Aim of the exercise: The answer must be an exact copy of the lines from the top of the listing below through the line with "Elke kant van", with no pictures.
Start of Input data
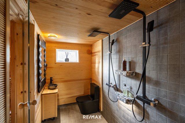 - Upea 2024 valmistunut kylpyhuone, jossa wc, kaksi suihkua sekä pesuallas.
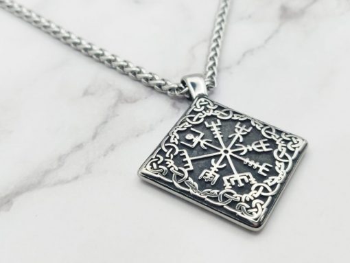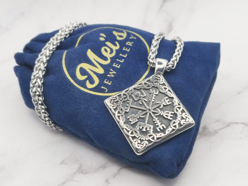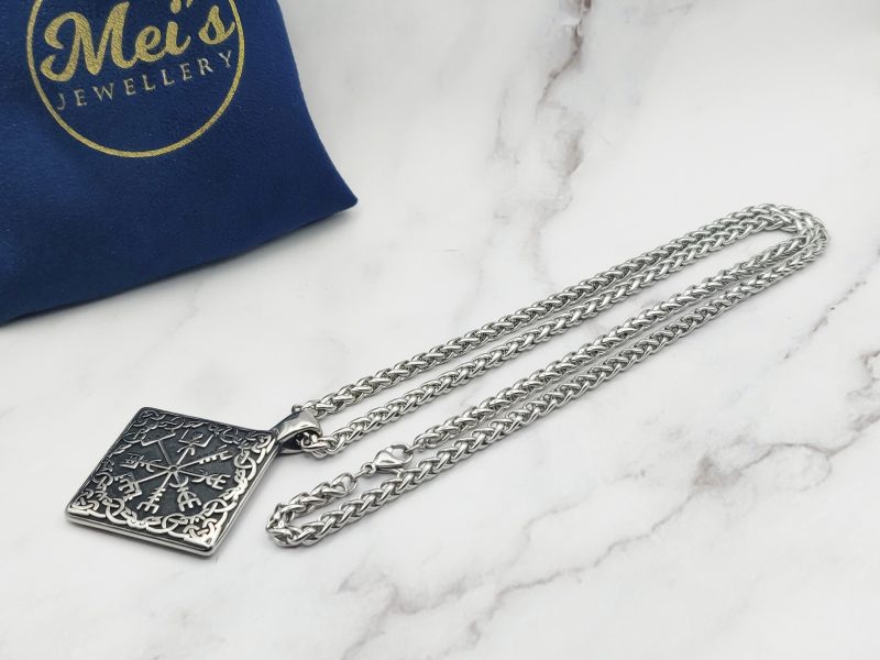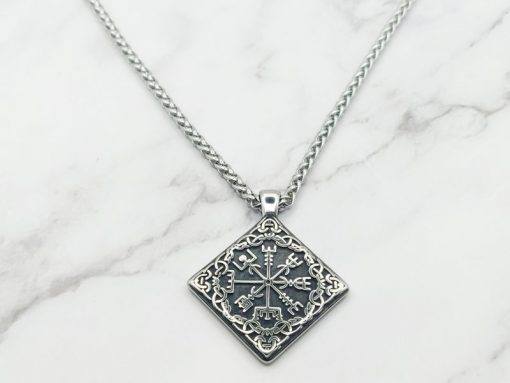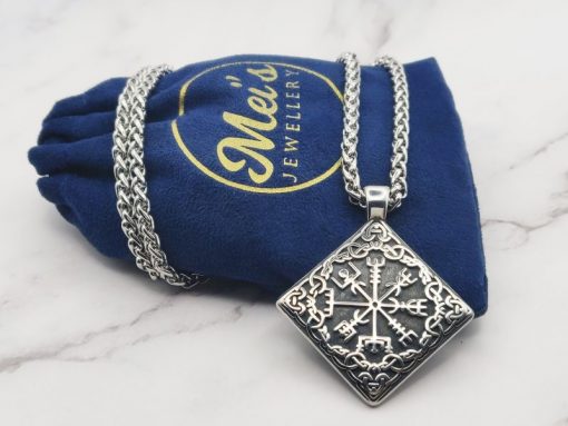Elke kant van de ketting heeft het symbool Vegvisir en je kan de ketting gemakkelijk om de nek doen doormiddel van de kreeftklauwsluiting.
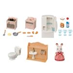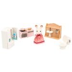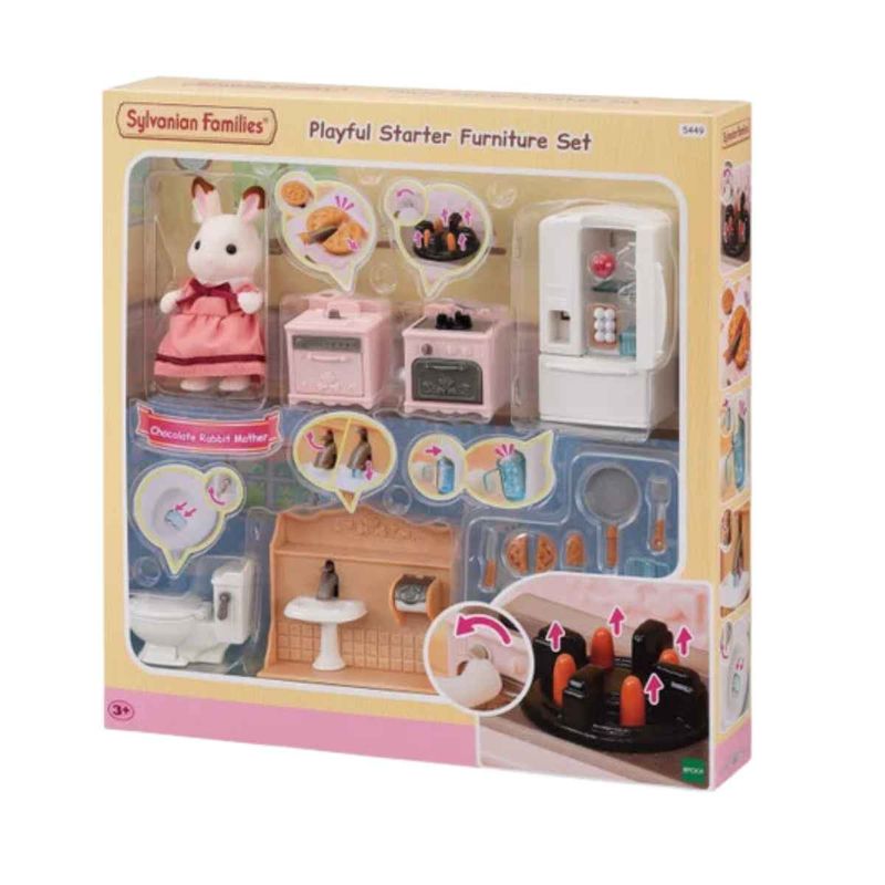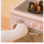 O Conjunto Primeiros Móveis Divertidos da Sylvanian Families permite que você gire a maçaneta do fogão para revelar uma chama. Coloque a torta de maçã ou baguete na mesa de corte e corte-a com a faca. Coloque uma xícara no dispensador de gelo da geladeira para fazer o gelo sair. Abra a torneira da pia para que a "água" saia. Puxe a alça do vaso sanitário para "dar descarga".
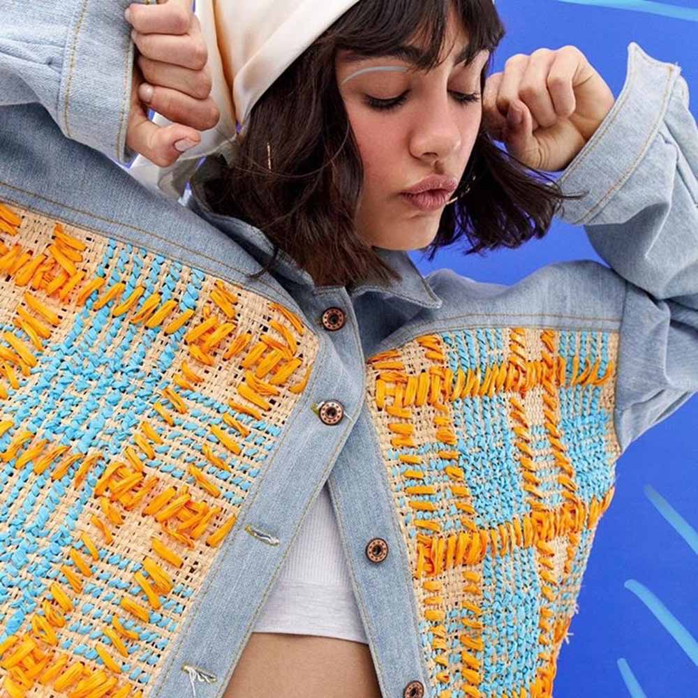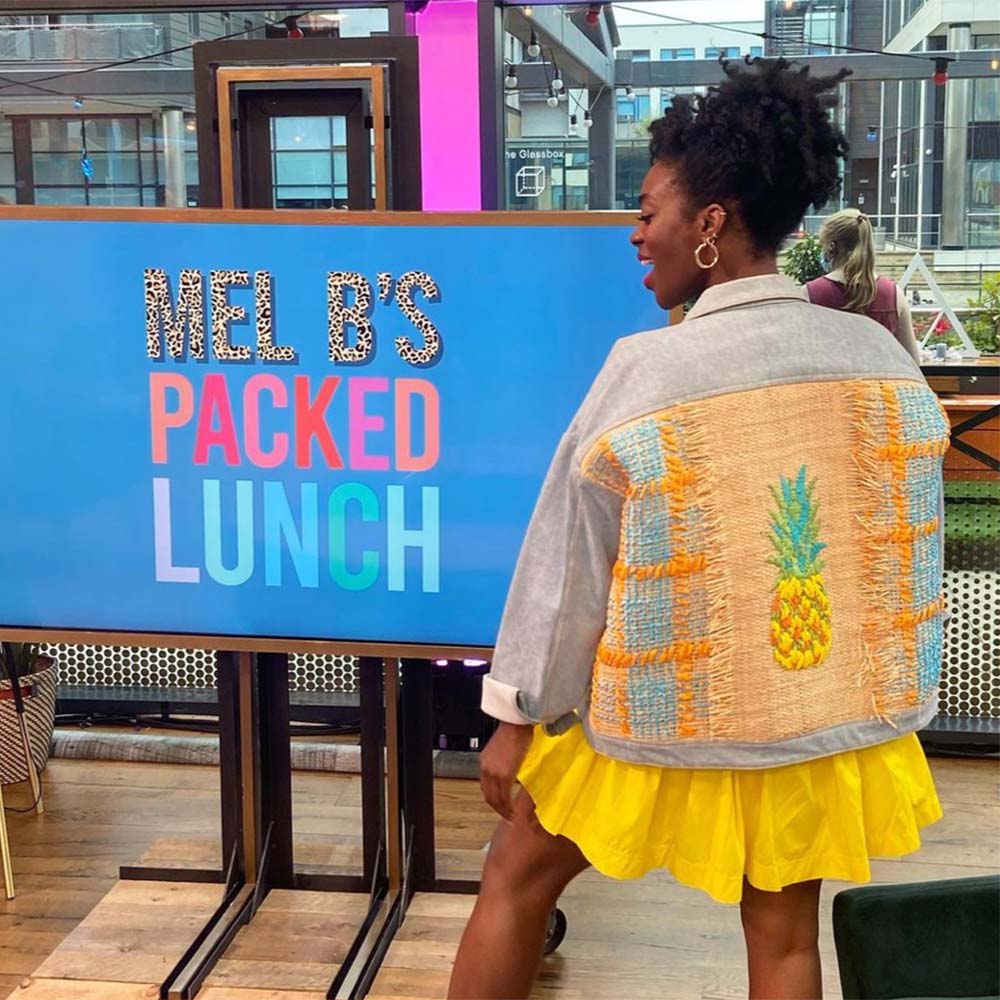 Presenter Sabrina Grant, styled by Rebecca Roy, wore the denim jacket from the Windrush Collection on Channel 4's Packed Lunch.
End of Input data
Solution:
 - Upea 2024 valmistunut kylpyhuone, jossa wc, kaksi suihkua sekä pesuallas.
Elke kant van de ketting heeft het symbool Vegvisir en je kan de ketting gemakkelijk om de nek doen doormiddel van de kreeftklauwsluiting.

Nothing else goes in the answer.